## Problem statement
Could you please reproduce the entries exactly, leaving out any pictures?

(Records supplied Opens)

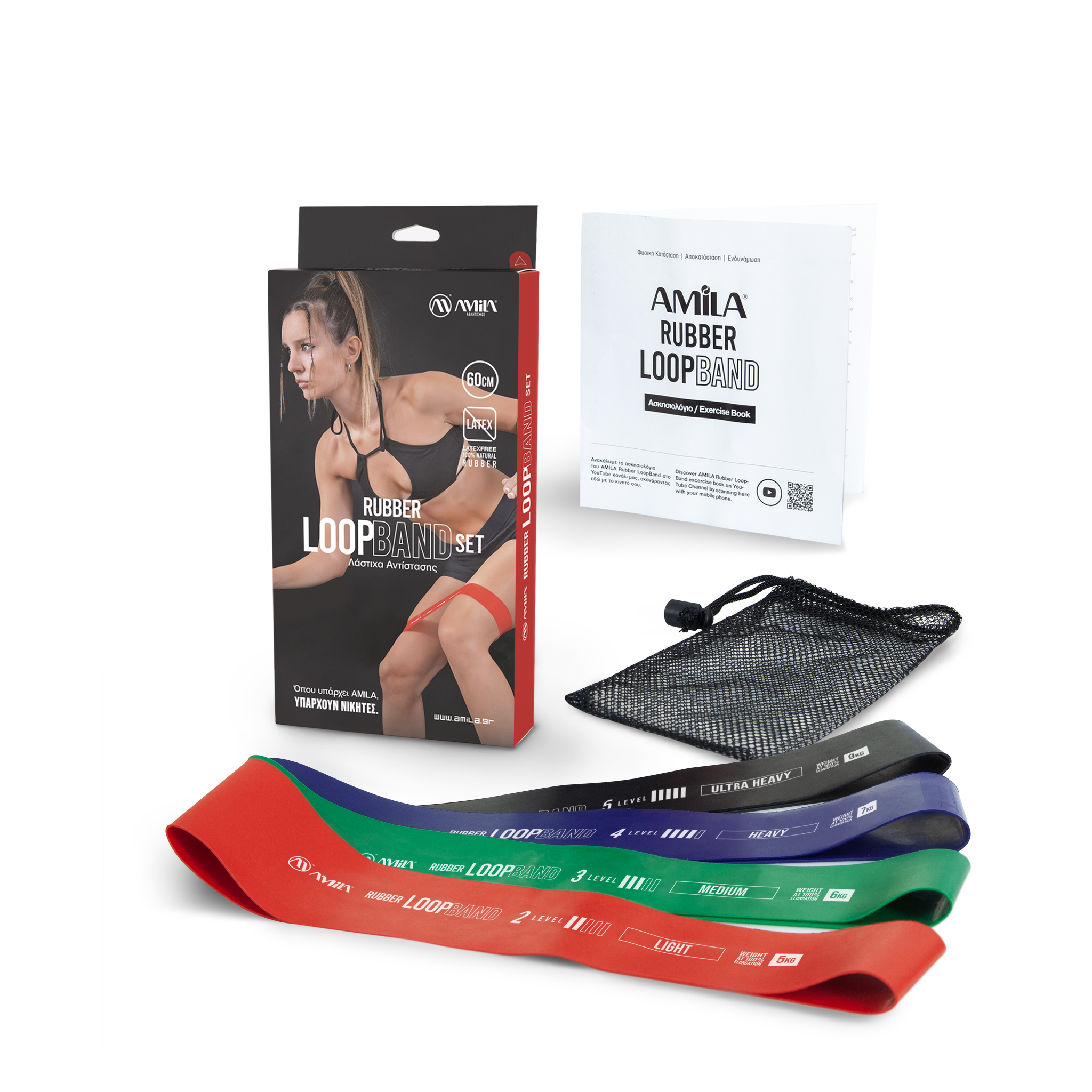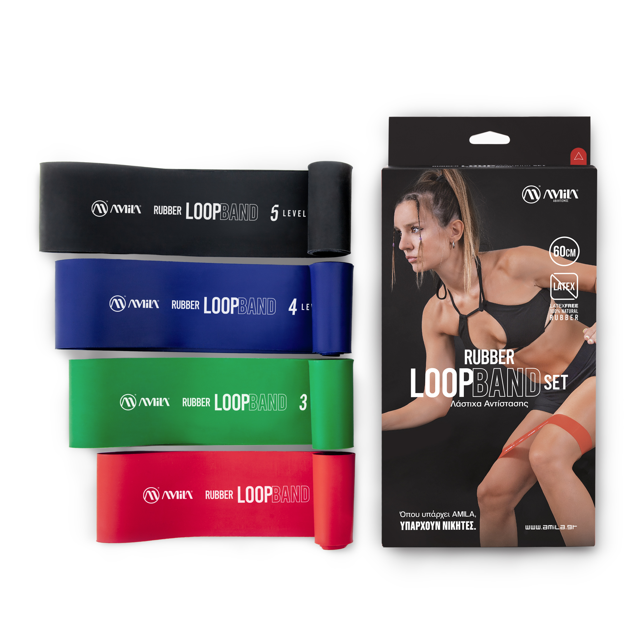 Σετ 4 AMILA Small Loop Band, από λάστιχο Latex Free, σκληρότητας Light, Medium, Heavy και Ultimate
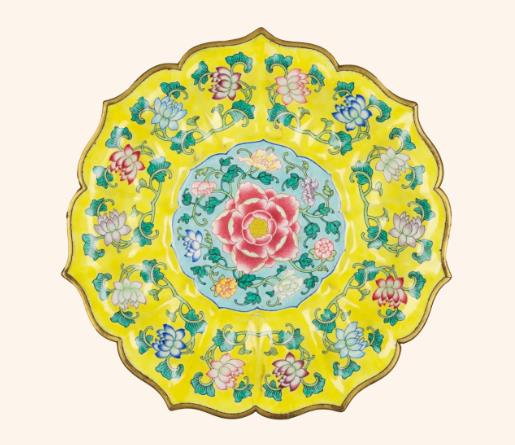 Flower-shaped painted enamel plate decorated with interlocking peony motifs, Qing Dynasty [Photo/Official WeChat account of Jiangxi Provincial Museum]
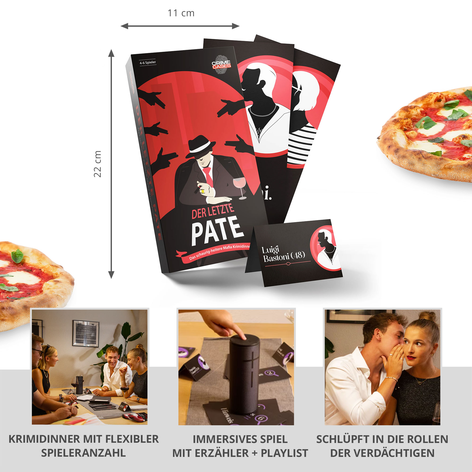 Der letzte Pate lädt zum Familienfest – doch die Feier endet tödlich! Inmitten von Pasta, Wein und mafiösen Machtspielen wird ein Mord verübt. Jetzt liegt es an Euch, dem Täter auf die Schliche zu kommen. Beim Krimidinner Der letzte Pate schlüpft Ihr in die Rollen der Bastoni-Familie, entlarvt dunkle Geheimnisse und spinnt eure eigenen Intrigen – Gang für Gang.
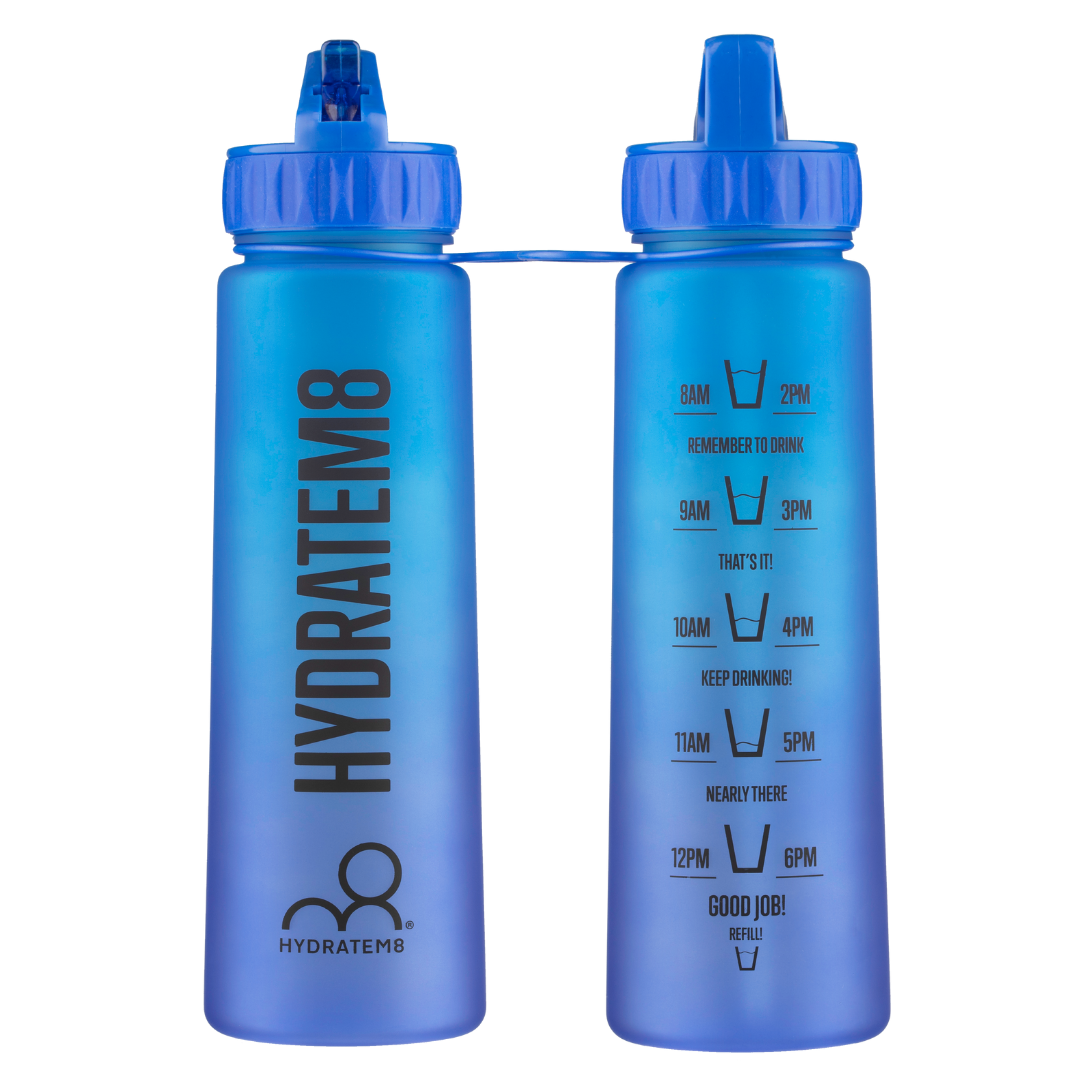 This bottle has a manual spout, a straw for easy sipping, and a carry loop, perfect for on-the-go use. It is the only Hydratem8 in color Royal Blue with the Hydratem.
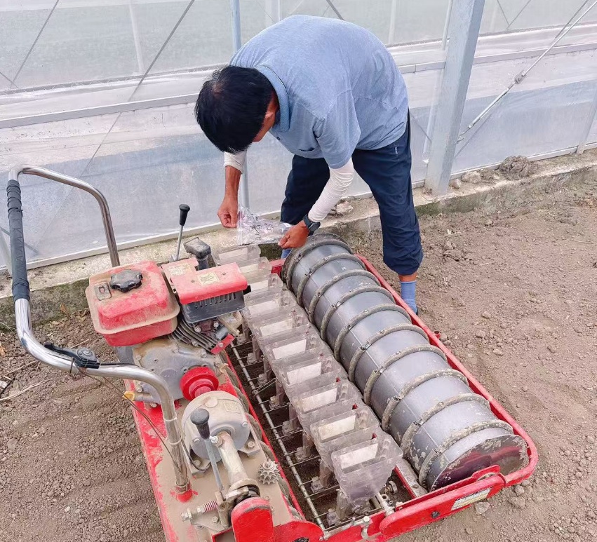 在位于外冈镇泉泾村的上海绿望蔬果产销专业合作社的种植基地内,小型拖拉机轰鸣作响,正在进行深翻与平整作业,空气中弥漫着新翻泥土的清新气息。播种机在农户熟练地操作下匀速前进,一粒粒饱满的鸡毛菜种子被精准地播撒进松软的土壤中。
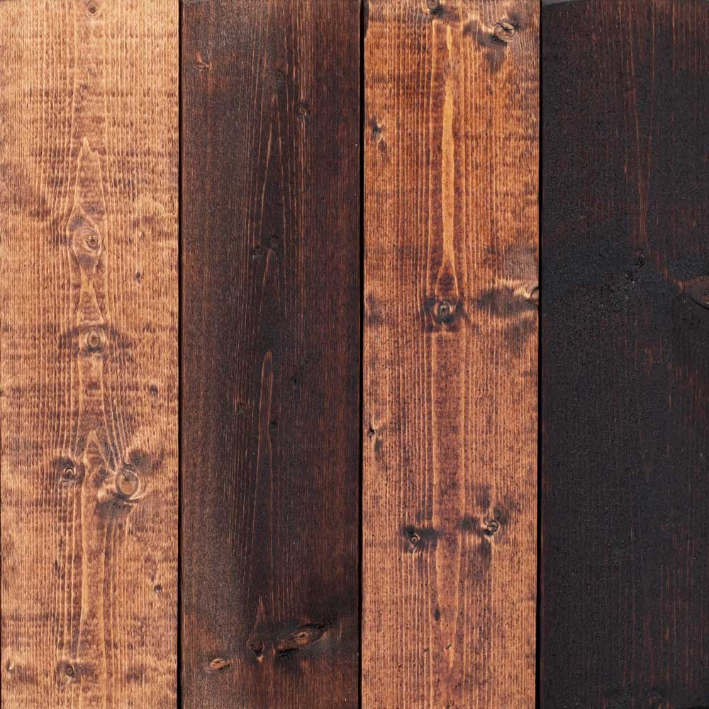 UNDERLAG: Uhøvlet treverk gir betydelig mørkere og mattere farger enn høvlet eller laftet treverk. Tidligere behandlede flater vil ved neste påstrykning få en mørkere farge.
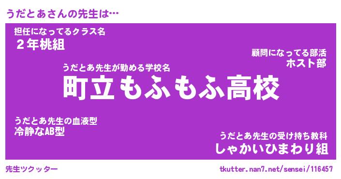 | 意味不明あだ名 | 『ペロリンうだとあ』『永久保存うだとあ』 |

(Records supplied Closes)

## Exercise result
 Σετ 4 AMILA Small Loop Band, από λάστιχο Latex Free, σκληρότητας Light, Medium, Heavy και Ultimate
 Flower-shaped painted enamel plate decorated with interlocking peony motifs, Qing Dynasty [Photo/Official WeChat account of Jiangxi Provincial Museum]
 Der letzte Pate lädt zum Familienfest – doch die Feier endet tödlich! Inmitten von Pasta, Wein und mafiösen Machtspielen wird ein Mord verübt. Jetzt liegt es an Euch, dem Täter auf die Schliche zu kommen. Beim Krimidinner Der letzte Pate schlüpft Ihr in die Rollen der Bastoni-Familie, entlarvt dunkle Geheimnisse und spinnt eure eigenen Intrigen – Gang für Gang.
 This bottle has a manual spout, a straw for easy sipping, and a carry loop, perfect for on-the-go use. It is the only Hydratem8 in color Royal Blue with the Hydratem.
 在位于外冈镇泉泾村的上海绿望蔬果产销专业合作社的种植基地内,小型拖拉机轰鸣作响,正在进行深翻与平整作业,空气中弥漫着新翻泥土的清新气息。播种机在农户熟练地操作下匀速前进,一粒粒饱满的鸡毛菜种子被精准地播撒进松软的土壤中。
 UNDERLAG: Uhøvlet treverk gir betydelig mørkere og mattere farger enn høvlet eller laftet treverk. Tidligere behandlede flater vil ved neste påstrykning få en mørkere farge.
 | 意味不明あだ名 | 『ペロリンうだとあ』『永久保存うだとあ』 |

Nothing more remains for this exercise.